Comedy is about as subjective as anything I know.  What I find funny you may find boring or stupid or offensive.  And what you find funny may fall flat to my eyes and ears or simply turn me off.  Call it a matter of taste or a certain sensibility, but in my experience comedy preferences, like food preferences, are highly individual.  And not always consistent either.  What does or doesn’t make me laugh one day might change the next week or the next month.  Mood plays a factor. Attitude as well.  But clearly there are humorists, comedians, and standup comics who resonate with the masses, which suggests some comedy has, if not universal, thenbroad appeal and cuts through personal, social, cultural filters to tickle the collective bone.  I must admit that I interviewed standup Felipe Esparza for the following story from a year or so ago without ever having seen or heard him perform.  I still haven’t.  My prep work before speaking to him consisted of reading some press materials.  He was likable enough.  Funny, too.  But eliciting some laughs or smiles in a phone conversation is not the same as it is on stage.  I’ll only know if his brand of humor works for me if I see him perform.  Maybe some day.

 

 

 

 

Last Comic Standing‘ King Felipe Esparza Headlines Omaha Show

©by Leo Adam Biga

Originally published in El Perico

 

The Last Comic Standing live tour coming to the Omaha Music Hall on Nov. 20 features the finalists from the seventh season of the NBC comedy competition show, including winner Felipe Esparza.

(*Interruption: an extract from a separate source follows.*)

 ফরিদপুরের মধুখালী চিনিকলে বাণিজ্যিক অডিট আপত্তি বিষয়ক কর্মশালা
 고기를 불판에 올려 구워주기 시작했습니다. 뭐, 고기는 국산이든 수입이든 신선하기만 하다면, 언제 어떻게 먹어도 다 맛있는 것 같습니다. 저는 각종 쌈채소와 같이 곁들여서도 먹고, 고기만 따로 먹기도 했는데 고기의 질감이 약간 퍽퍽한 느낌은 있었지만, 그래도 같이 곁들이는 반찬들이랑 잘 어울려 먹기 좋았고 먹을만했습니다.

Even before capturing the televised contest this past summer, Esparza lived the dream of standup stardom he first harbored growing up in the rough Boyle Heights section of East Los Angeles.

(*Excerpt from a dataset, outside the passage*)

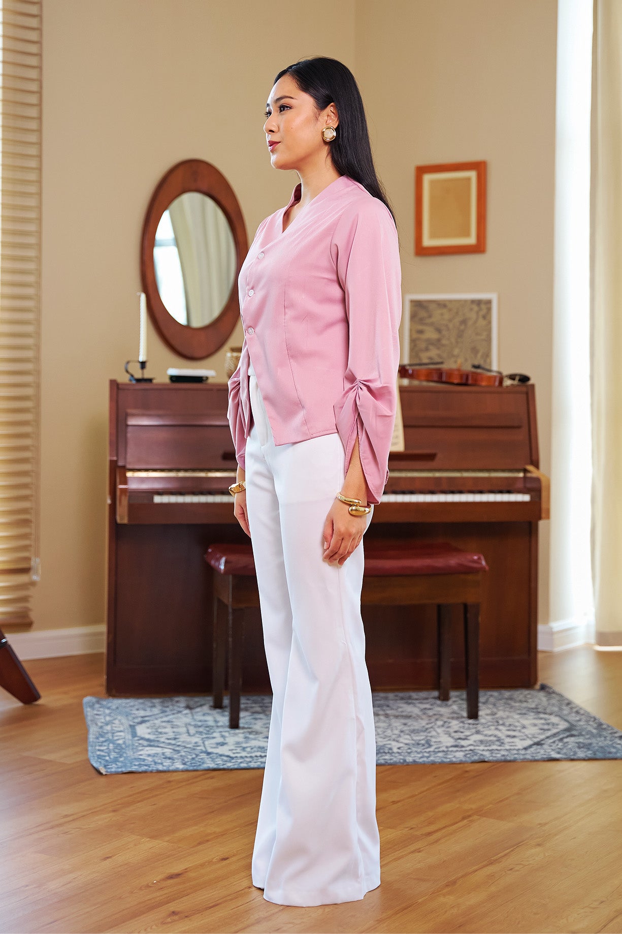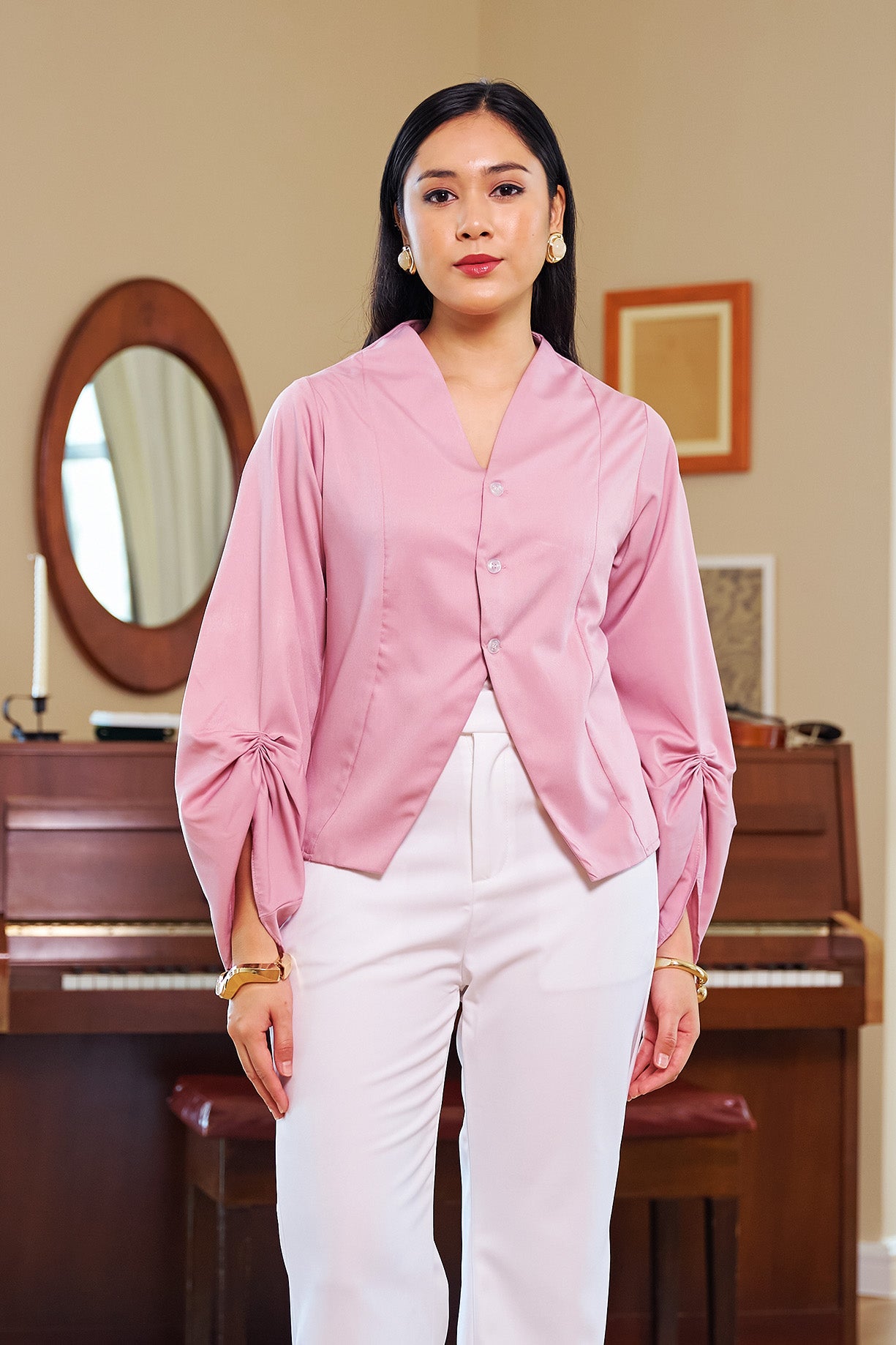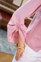 The Vee Top effortless sophistication in soft, breathable cotton. Featuring a sharp V-neckline, gathered sleeves, and a subtle high-low hem for a timeless, flattering look.

Now he’s a headliner just like the comedy kings he idolized — Rodney Dangerfield, Eddie Murphy, George Carlin, Paul Rodriguez. He has a network development deal, comedy albums and two movies to his credit. He counts Rodriguez, his co-star in The Deported and I’m Not Like that No More, as a close friend and mentor. Sharing top billing with someone he admires is a little surreal.

“It’s the best feeling in the world. I’m on Cloud Nine, if there is such a thing. I love it,” Esparza said by phone from a tour stop in Milwaukee. “Paul Rodriguez is a really good guy. He’s cool. He took me on the road with him and I opened for him. He paid me well and took care of me. We became good friends actually.”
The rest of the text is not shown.